France to recognise Palestine if talks fail

Foreign minister sets two-year deadline to break impasse as MPs debate motion to recognise Palestine.

Hollande wants to host an international conference 'to find a solution' to the Israeli-Palestinian conflict [Reuters]

France has warned that it would recognise a Palestinian state if a final international effort to overcome the impasse between Israelis and Palestinians failed, and proposed a two-year timeframe to end the conflict through a UN-backed resolution.

“If this final effort to reach a negotiated solution fails, then France will have to do what it takes by recognising without delay the Palestinian state.
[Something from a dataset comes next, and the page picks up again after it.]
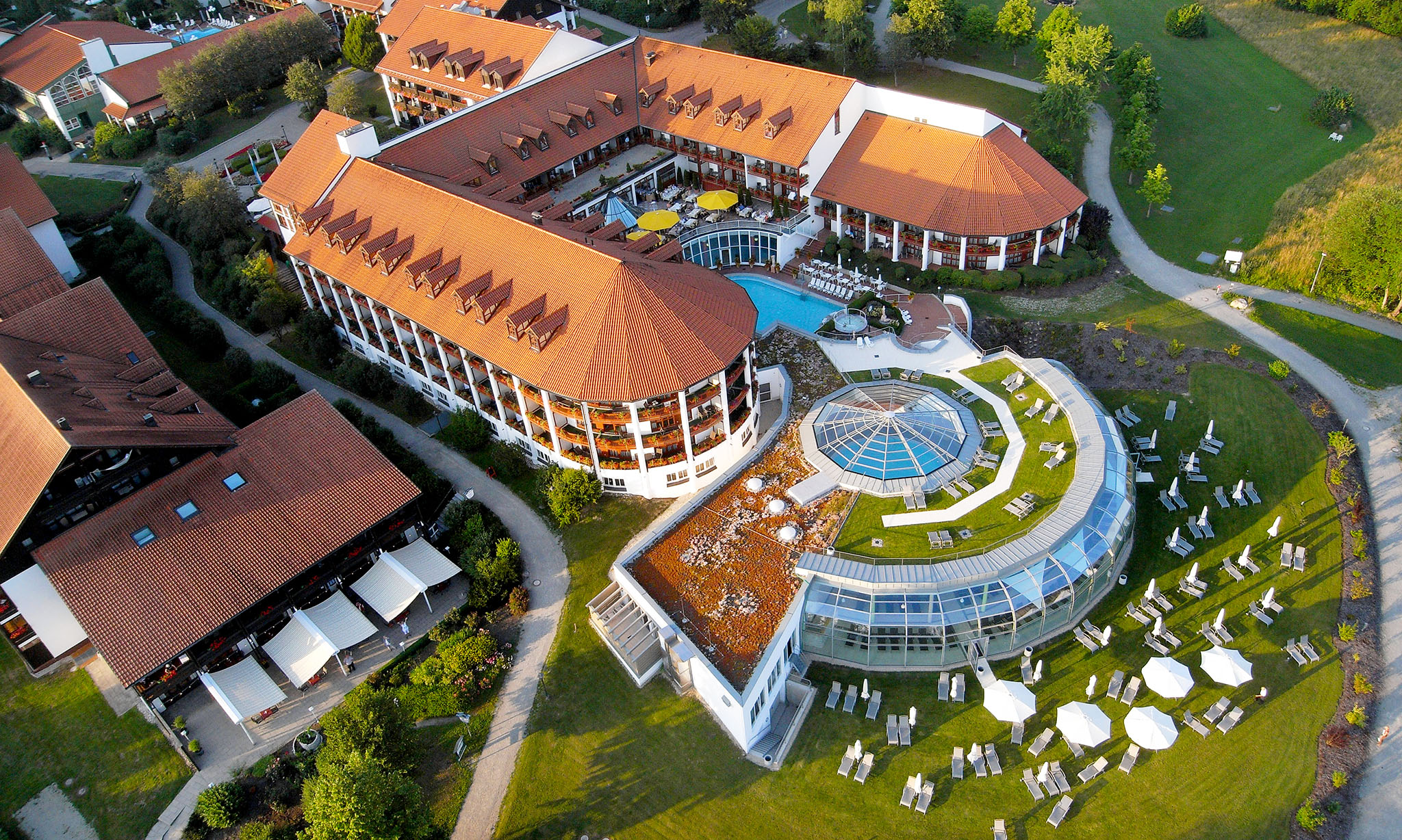 Der staatlich-anerkannte Luftkurort Bad Griesbach befindet sich im niederbayerischen Rottal. Nur eine halbe Autostunde von Passau entfernt lockt das Dreiquellenbad mit seinen berühmten Thermen und einer lieblichen Landschaft. Aber nicht nur Erholungssuchende kommen hier auf ihre Kosten – Bad Griesbach ist auch ein Dorado für Golfsportler. Im Hotel erwartet die Gäste auf sage und schreibe 4400 Quadratmetern „Quellness“ – mehr als nur Wellness. So darf hier zum Beispiel im Thermal-Innen-Pool mit Schwallbrausen luxuriös entspannt werden, bevor im temperierten Außenbecken, in zwei Hot-Whirl-Pools oder im Kneipp-Tretbecken erholsame Momente anstehen. Besondere Highlights sind außerdem die mit zarten Düften aromatisierte Dampfgrotte, die Sauna und das Sanarium, die Erlebnisduschen sowie der Frischluftraum oder die Liegewiese hoch über dem Rottal.

We are ready,” Foreign Minister Laurent Fabius told parliament on Friday.

His statement came as French politicians debated a motion urging the government to recognise Palestine as an independent state, amid growing European frustration at the paralysed Middle East peace process.

The symbolic motion, being discussed on Friday, is expected to pass comfortably on December 2 when the lower house of parliament votes on the text proposed by the ruling Socialists.

The vote comes hot on the heels of a similar resolution approved by British legislators on October 13, Spanish MPs on November 18 and the formal recognition by Sweden on October 30.

The text “invites the French government to use the recognition of the state of Palestine as an instrument to gain a definitive resolution of the conflict”.

Hael al-Fahoum, head of the Palestinian Mission in France, attended the debate on Friday.

The Socialist MP who drafted the text, Elisabeth Guigou, told AFP the aim was to “reaffirm that the two-state solution is the best guarantee for peace”.

“If we do not act now, there is a risk of entering into an irreversible cycle of violence and transforming this territorial conflict into a regional conflict,” Guigou said.

Israeli warning

In advance of the vote, Benjamin Netanyahu, Israeli prime minister, warned France it would be making a “grave mistake” if it recognised Palestine as a state.

“Do they have nothing better to do at a time of beheadings across the Middle East, including that of a French citizen?” he said in Jerusalem on November 23, referring to Herve Gourdel, a hiker, who was executed by his captors in Algeria in September.

“Recognition of a Palestinian state by France would be a grave mistake.”

On the eve of the parliamentary debate, President Francois Hollande told French media he wanted to host an international conference “to find a solution” to the Israeli-Palestinian conflict.

He did not say when such a gathering might take place or who would be invited.

Many in Europe are frustrated with the deadlock in peace talks, and with the Israeli government’s actions in Gaza and in supporting the growth of Jewish settlements.